Pholiota nubigena
Index Fungorum 148: 1. 2014.
Common Name: bubblegum fungus
Synonyms: Secotium nubigenum Harkness; Nivatogastrium nubigenum (Harkn.) Singer & Smith
Cap 1.5-5.0 cm broad, subglobose to convex-depressed; margin incurved, typically remaining attached to the stipe at maturity; surface viscid when moist, otherwise dry, covered with light-brown to ochre-brown, appressed fibrils over a cream-buff background, fading in age; context up to 5.0 mm thick at the disc, elsewhere thin, pallid, or yellowish- tawny where injured; odor strongly aromatic, described as similar to "bubble-gum;" taste mild.

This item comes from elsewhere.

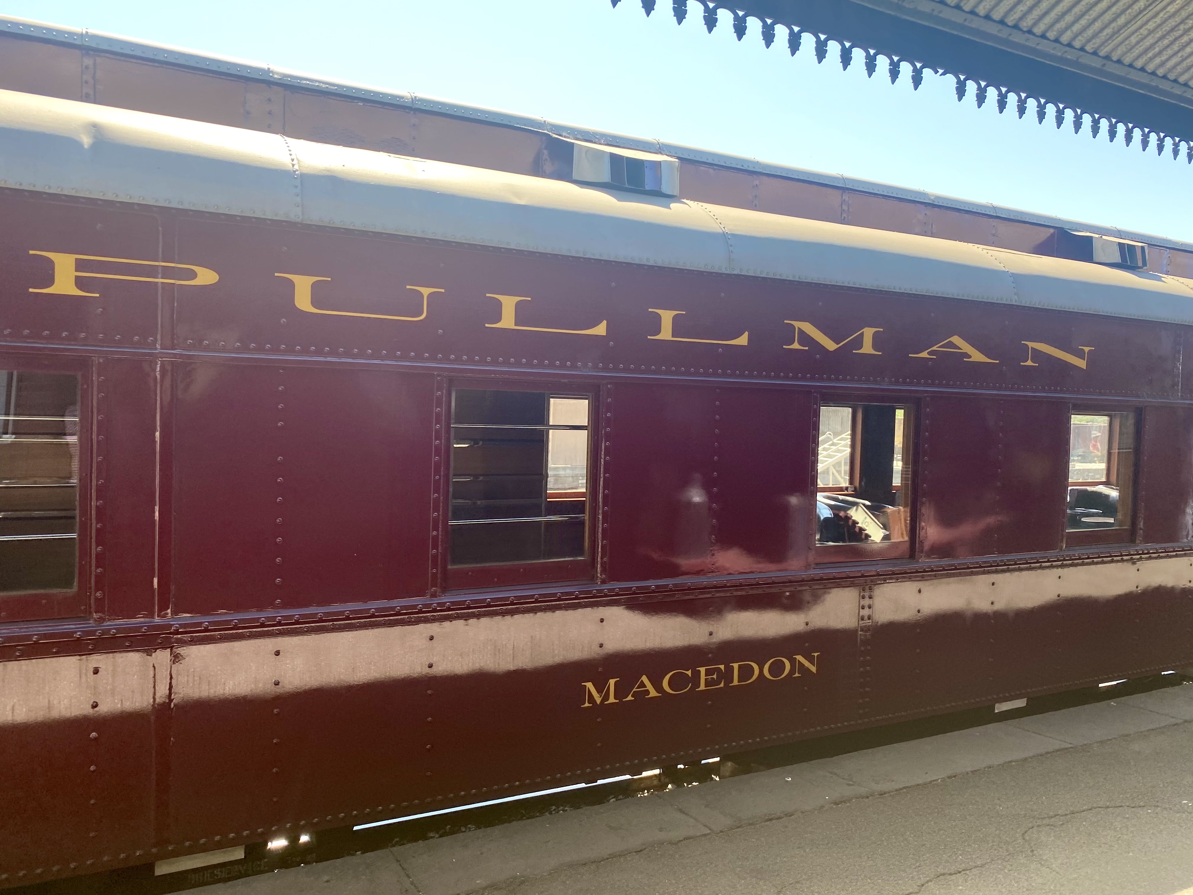 The art deco ‘Macedon’ carriage, from 1928, was constructed by the Pullman company in Chicago.[12] It consists of leather club chairs and a bar.

Gill tissue consisting of crumpled, dull brown to dark reddish-brown plates and small, irregularly shaped chambers.
Stipe present or absent; when present 0.5-2.5 cm long, 0.5-1.5 cm thick, short, tough, equal to pinched at the base; surface white, glabrous to cottony-fibrillose; context white, sporadically brown to rusty-brown where injured; veil whitish, membranous, inelastic, with ochre to light-brown fibrils, usually remaining fused to the stipe; annulus absent.
Spores 7.5-9.0 x 5.0-7.0 µm, elliptical, smooth, moderately thick-walled, with an apical germ pore; spores dull brown.
Solitary to scattered on conifer wood in montane areas; fruiting during the spring shortly after snow-melt; common.
Unknown.
Pholiota nubigena is a common snowbank species, distinctive because of its secotioid development and lignicolous habit. Typical of secotioid species, the cap usually remains attached to the stipe at maturity, while the "gills" consist of crumpled tissue, no longer capable of producing a spore print. Species from a number of gilled mushroom genera have adopted this type of development, presumably an adaptation to the dessicating conditions often seen in the Sierra. Cortinarius pinguis is similar, but fruits in the fall, is terrestrial, and lacks a strong aromatic odor.
Molecular evidence has shown that this secotioid taxa belongs in the genus Pholiota, where it is now placed.